Khadija Mohsen-Finan : Il s’agit d’une réponse à l’attaque marocaine de Guerguerat qui a eu lieu à la mi-novembre 2020. Le secrétaire général du Front Polisario avait menacé d’une reprise des armes, il voulait revenir au conflit armé.
Et avec la normalisation en décembre des relations entre le Maroc et Israël avec ce troc en arrière-plan de deux colonies : "je ne dis rien sur ta colonisation de la Palestine et en contrepartie les États-Unis reconnaissent le fait que le Sahara occidental appartient au Maroc", ça a beaucoup déplu au Front Polisario et à l’Algérie. Il n’y a pas eu de réplique immédiate forte de la part de l’Algérie parce que l’exécutif est très affaibli. Très vraisemblablement, ils ont voulu faire cette opération militaire pour rappeler à la communauté internationale que le règlement de ce conflit est toujours sur la table des Nations Unies, qu’on ne peut pas contourner le droit international, qu’on ne peut pas se priver de la consultation des populations concernées et que rien n’est réglé dans le conflit du Sahara occidental aujourd’hui.
Les grands sacrifiés de cette triangulaire, c'étaient les Sahraouis.
Khadija Mohsen-Finan
L’Algérie est plutôt silencieuse récemment. Est-ce que leur soutien au Front Polisario tient toujours ?

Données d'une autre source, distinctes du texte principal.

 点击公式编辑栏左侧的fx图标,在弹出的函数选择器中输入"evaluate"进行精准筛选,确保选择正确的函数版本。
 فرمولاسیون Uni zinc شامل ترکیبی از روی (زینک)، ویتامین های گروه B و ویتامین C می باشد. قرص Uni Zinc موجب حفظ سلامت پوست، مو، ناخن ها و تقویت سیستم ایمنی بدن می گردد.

Il y a eu une condamnation après le bombardement de Guerguerat, mais c’était une condamnation très molle : l’Algérie appelait les deux parties à la négociation, à plus de sagesse etc. L’Algérie n’est pas montée au créneau pour défendre le Front Polisario et dans cette triangulaire entre Israël, le Maroc et les États-Unis, la normalisation a été considérée comme un mépris des Sahraouis. À ce moment-là, on a parlé de tout : du contournement du droit international, du droit des Palestiniens, on a essayé de voir ce que pouvait en tirer le Maroc, mais personne n’a parlé des Sahraouis et de leur destin. Les grands sacrifiés de cette triangulaire, c’étaient les Sahraouis.

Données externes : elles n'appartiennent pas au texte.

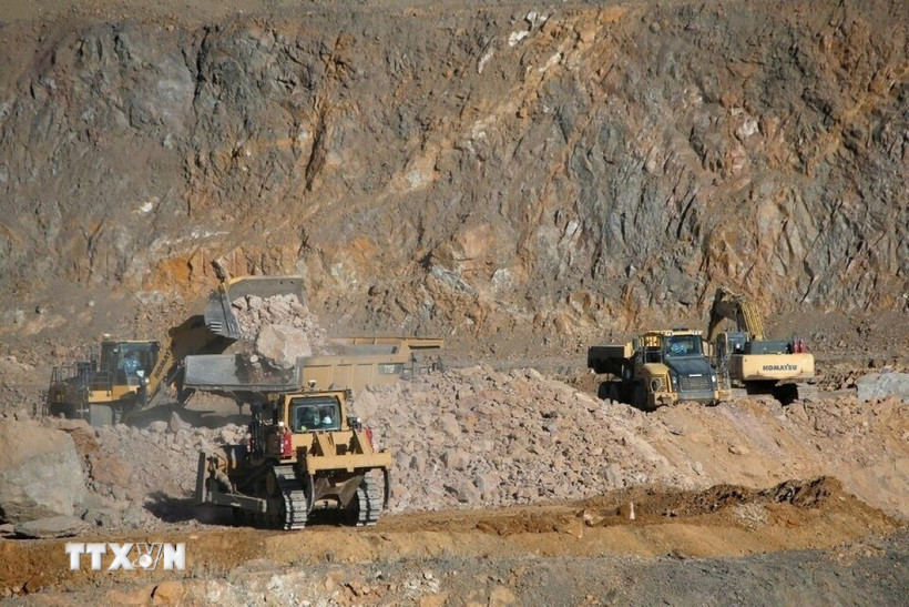 Máy móc hoạt động tại mỏ khai thác đất hiếm ở Mountain Pass, California, Mỹ. Ảnh: REUTERS/TTXVN

Sur qui les Sahraouis peuvent-ils compter alors ?
Ça, c’est une grande question ! L’ONU a dit que le conflit n’était pas réglé et que ça restait un territoire non autonome, c’est-à-dire qu’il fait partie des territoires encore à décoloniser. La résolution de ce conflit est aujourd’hui un dossier confié aux Nations Unies depuis 1991. Il y a effectivement un pays qui condamne toujours et par tradition, c’est l’Afrique du Sud mais le pays est loin et n’a plus beaucoup d’effet sur les prises de décision au sein de l’Union africaine. Ils peuvent compter sur l’Algérie mais l’Algérie est repliée sur ses propres problèmes. Donc sur qui ils peuvent compter… C’est une grande question au moment où le Maroc est en train d’essayer de faire pression sur des pays européens pour qu’ils rejoignent la décision de Donald Trump et notamment sur l’Espagne.
Est-ce que le président Biden peut changer quelque chose à la décision de Trump ?
Non. Je pense que ça ne changera rien. Il ne changera rien d’abord parce que c’est difficile de le faire, d’autre part parce qu’il n’a pas très envie de le faire et de se brouiller avec le Maroc. Biden peut effectivement ajouter une ou deux closes en disant que ça devrait se faire conformément au droit international et que c’est regrettable de ne pas avoir consulté les populations concernées ou autre. Mais fondamentalement, ça ne changera rien à mon avis.